What you will do:
Please reproduce the listing verbatim, without its images.

Data provided:

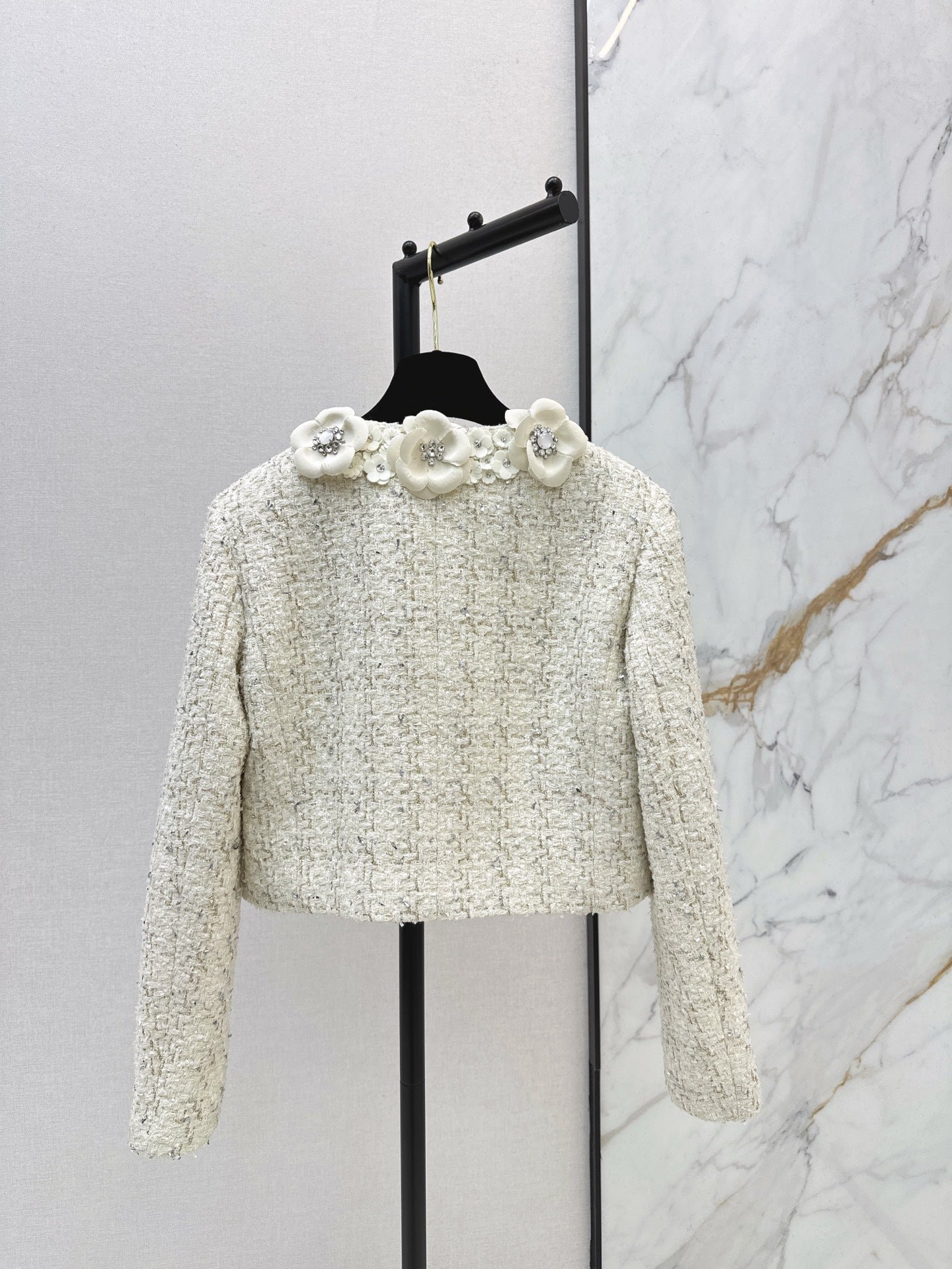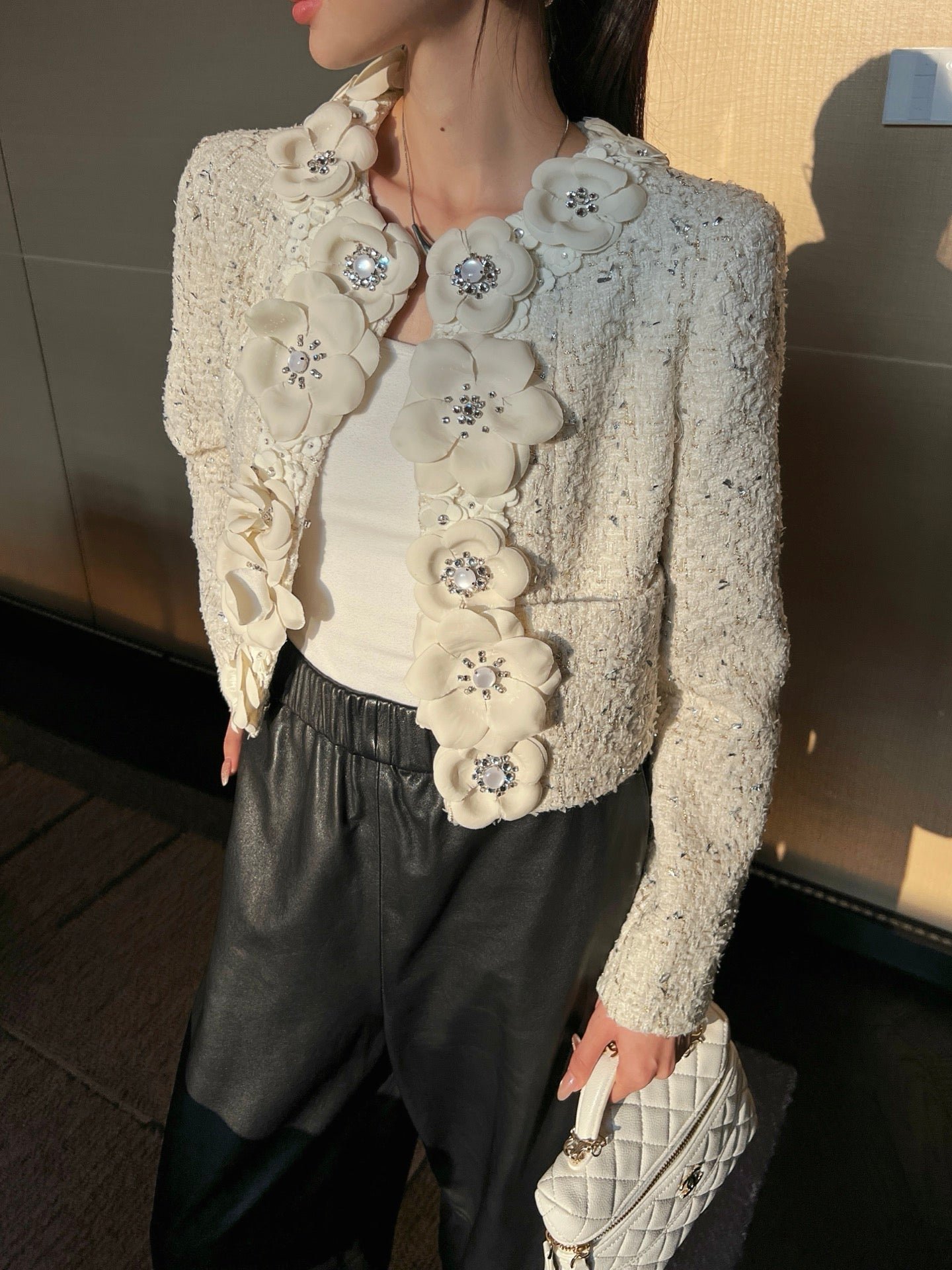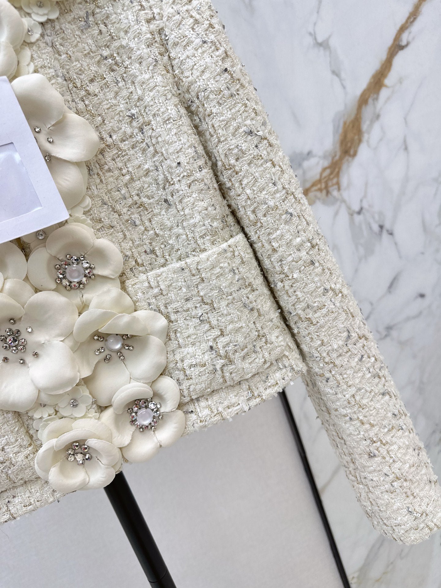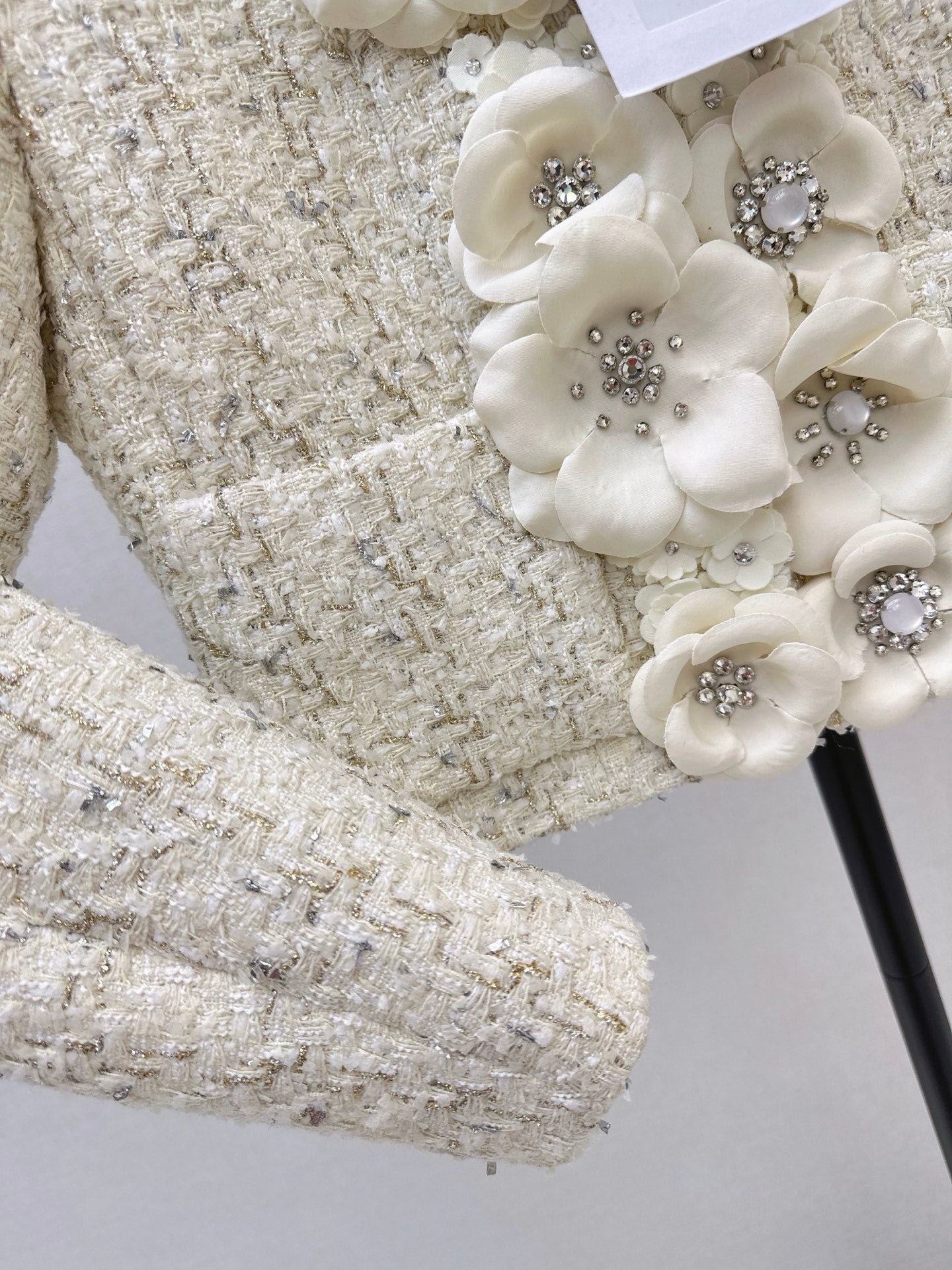 Made of plaid woven fabric with handcrafted 3D flowers of varying sizes, this jacket is substantial and stunning! Perfect for summer vacations or everyday photos.
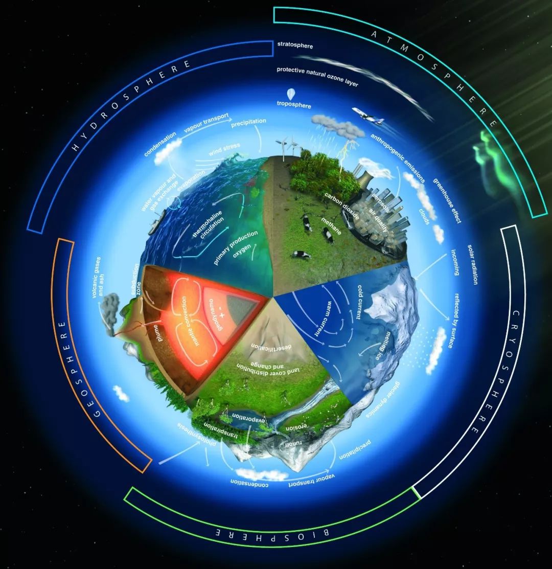 地球系统指由大气圈、水圈(含冰冻圈)、地圈(含地壳、地幔和地核)、土壤圈和生物圈(包括人类)组成的有机整体。地球系统科学主要研究各圈层的物质组成、结构分布、各圈层内部及之间一系列相互作用过程和形成演变规律,以及与人类活动相关的全球变化,为人类认知地球和绿色可持续发展提供科学支撑,以应对全球环境变化所带来的挑战。
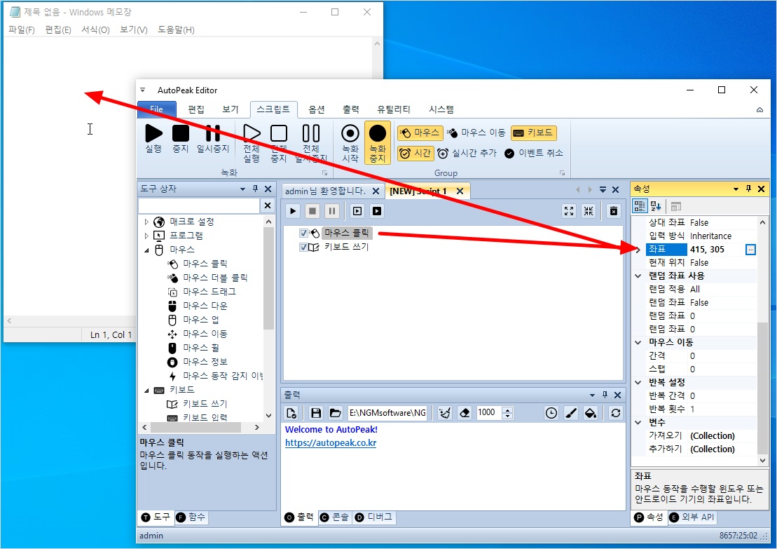 메모장으로 마우스를 이동한 후 F1을 눌러서 클릭 좌표를 고정시키세요.

Your solution:
 Made of plaid woven fabric with handcrafted 3D flowers of varying sizes, this jacket is substantial and stunning! Perfect for summer vacations or everyday photos.
 地球系统指由大气圈、水圈(含冰冻圈)、地圈(含地壳、地幔和地核)、土壤圈和生物圈(包括人类)组成的有机整体。地球系统科学主要研究各圈层的物质组成、结构分布、各圈层内部及之间一系列相互作用过程和形成演变规律,以及与人类活动相关的全球变化,为人类认知地球和绿色可持续发展提供科学支撑,以应对全球环境变化所带来的挑战。
 메모장으로 마우스를 이동한 후 F1을 눌러서 클릭 좌표를 고정시키세요.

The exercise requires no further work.